Wednesday, December 01, 2004
"Academic diversity, in everything but thought"
(Picture from The Economist)
In his book "Arrogance" (Warner Books, 2003) Bernard Goldberg describes Columbia University's School of Journalism as the "Taj Mahal" of American journalism schools, and castigates it for bias.
He tells of the 2001 lecture at Columbia by ABC News president David Westin, just 6 weeks after 9/11, where one of the students asked Westin the appallingly offensive: "Do you believe the Pentagon was a legitimate military target, even if (using a hijacked jetliner) was not?"
Westin answered: "Actually, I don't have an opinion on that", thus in Goldberg's view distinguishing himself from the majority of Americans, who would have had little trouble in providing a clear-cut answer, but ingratiating himself with journalistic colleagues and students, many of whom would agree with Westin's astounding explanation, when pressed on the subject later, that it would be journalistically improper to take a position on whether the Pentagon attack "was right or wrong".
Not that many in journalistic or other academia have much difficulty on taking a position on a host of other subjects Goldberg talks about, like beating a gay person to death, Taliban non-education of women, or white bigots dragging a black man behind a pick-up truck.
Liberal staff far outnumber conservatives at elite universities. American Enterprise magazine reported in 2002 on the breakdown as follows:
Cornell: 166 liberals, 6 conservatives.
Stanford: 151 liberals, 17 conservatives.
Colorado: 116 liberals, 5 conservatives.
UCLA: 141 liberals, 9 conservatives.
In 2004, according to the Center for Responsive Politics,
"(O)f the top five institutions in terms of employee per capita contributions to presidential candidates, the third, fourth and fifth were Time Warner, Goldman Sachs and Microsoft. The top two were the University of California system and Harvard, both of which gave about 19 times more money to John Kerry than to George W. Bush."
George Will presented these statistics in his column a couple of weeks ago, and then acidly commented on this self-serving justification for the disparity procured from a liberal academic:
"... (According to) George Lakoff, a linguistics professor at Berkeley, ... (t)he disparity in hiring, ..., occurs because conservatives are not as interested as liberals in academic careers.

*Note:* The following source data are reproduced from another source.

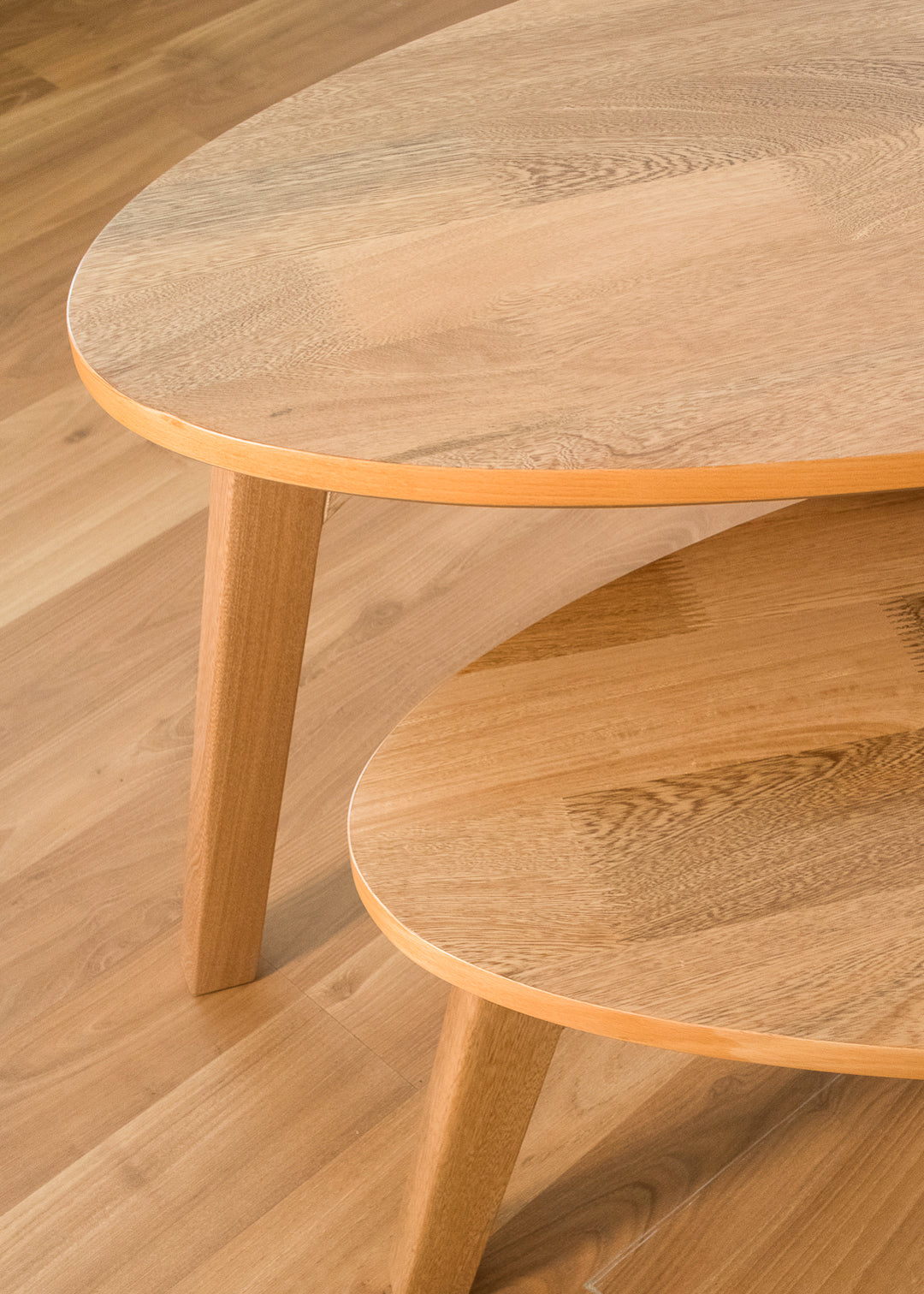 Mesa de centro para interior en madera roble natural, juego de dos mesas con diferentes tamaños. (Este juego de mesas no se vende por separado)
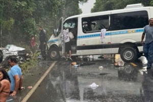 Acidente envolvendo uma Van e taxi deixa uma pessoa morta e outra em estado grave. A colisão ocorreu na BA que liga os distritos de Arraial d Ajuda e Trancoso, em Porto Seguro.
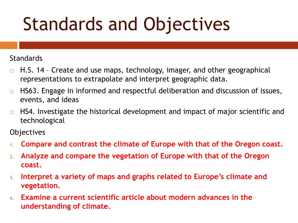 Standards and Objectives Standards • H.S. 14 – Create and use maps, technology, imager, and other geographical representations to extrapolate and interpret geographic data. • HS63. Engage in informed and respectful deliberation and discussion of issues, events, and ideas • HS4. Investigate the historical development and impact of major scientific and technological Objectives • Compare and contrast the climate of Europe with that of the Oregon coast. • Analyze and compare the vegetation of Europe with that of the Oregon coast. • Interpret a variety of maps and graphs related to Europe’s climate and vegetation. • Examine a current scientific article about modern advances in the understanding of climate.
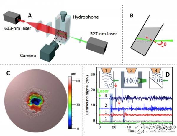 在实验中,研究团队首先利用纳秒激光照射装有金纳米颗粒分散液的玻璃比色皿。经一段时间照射,激光在比色皿内壁的聚焦处会产生形如火山口并附着有金纳米颗粒的微腔。金纳米颗粒在脉冲激光的照射下会经历快速的、周期性的体积膨胀和收缩,从而产生超声波(光声效应)。而在金纳米颗粒和腔体的共同作用下,定向的高频超声波通过声波驱动效应,驱动分散液产生高速流动。这里,金纳米颗粒附着的微腔是连接光声效应和声波驱动效应的关键。一旦微腔形成,将分散液替换为纯水或其他溶液,激光亦可驱动其他液体流动。这一有趣的实验发现有机地结合了纳米光子学、声学、微流体学和材料科学,在光学调控或触发的微结构器件系统中有极为广泛的应用前景。
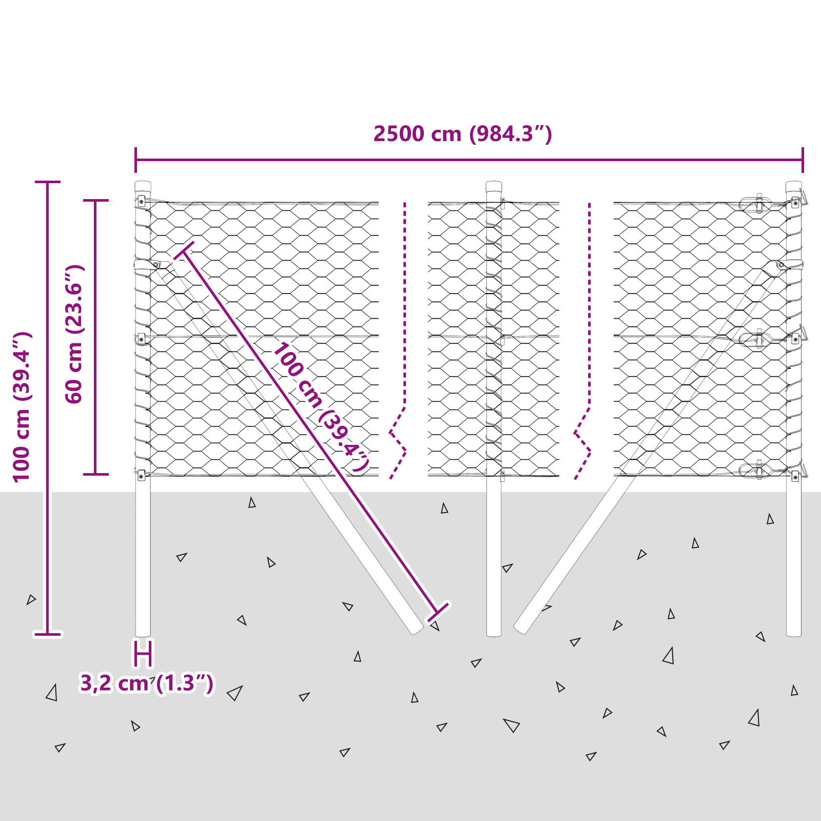 Plotový sloupek. Zelená 25 x 0,6 m (36 mm síť) Ocel a PVC
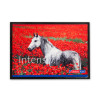 Nachdem der Lipizzaner „Favory Bonavia-5“ der Fotografin in der Gewölbehalle von Schloss Hof ein so traumhaftes Bild geschenkt hatte, wollte sie den schönen Apfelschimmel noch einmal vor einer anderen Kulisse zeigen. Als sie auf der Fahrt zum „Fotoshooting“ an diesem leuchtenden Mohnfeld vorbeikam, war schnell klar, dass der Schimmel hier her gebracht werden musste. Die „intensiv“ rote Farbe der Blumen in Kombination mit dem strahlend weißen Fell des Pferdes – eine Traumkombination. Dem Wallach schien das Feld auch gut zu gefallen. Denn diesmal blieb er vollkommen ruhig und friedlich.
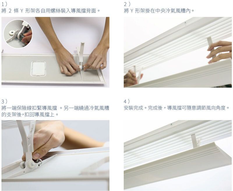採用Y 形架設計,安裝無需工具或鑽孔,直接裝於中央冷氣機風咀及風糟上,不會損壞冷氣機身。另特別配備保險線,安裝後雙重保護,安全放心。
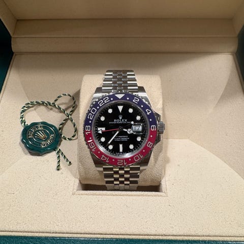 Rolex GMT‑Master II ref. 116710LN med keramisk svart bezel (utgått modell). Kjøpt i Kina i 2018 uten MVA. Jeg er eneste eier, klokken er forsiktig brukt.

Why does he think liberals are like that? 'Unlike conservatives, they believe in working for the public good and social justice.' That clears that up."
Will procures a better explanation for the "monochrome" pseudo-intellectual provincialism of academic campuses from Mark Bauerlein, who says a "false consensus effect" occurs when, "people think that the collective opinion of their own group matches that of the larger population ... When like-minded people deliberate as an organized group, the general opinion shifts toward extreme versions of their common beliefs."
They become tone-deaf, says Will, to the way they sound to others outside their closed circle of belief.
Often they go beyond being merely tone-deaf though, as exemplified in this flagrant example of harrassment of an Israeli student by a professor at (where else?) Columbia, related by Daniel Pipes.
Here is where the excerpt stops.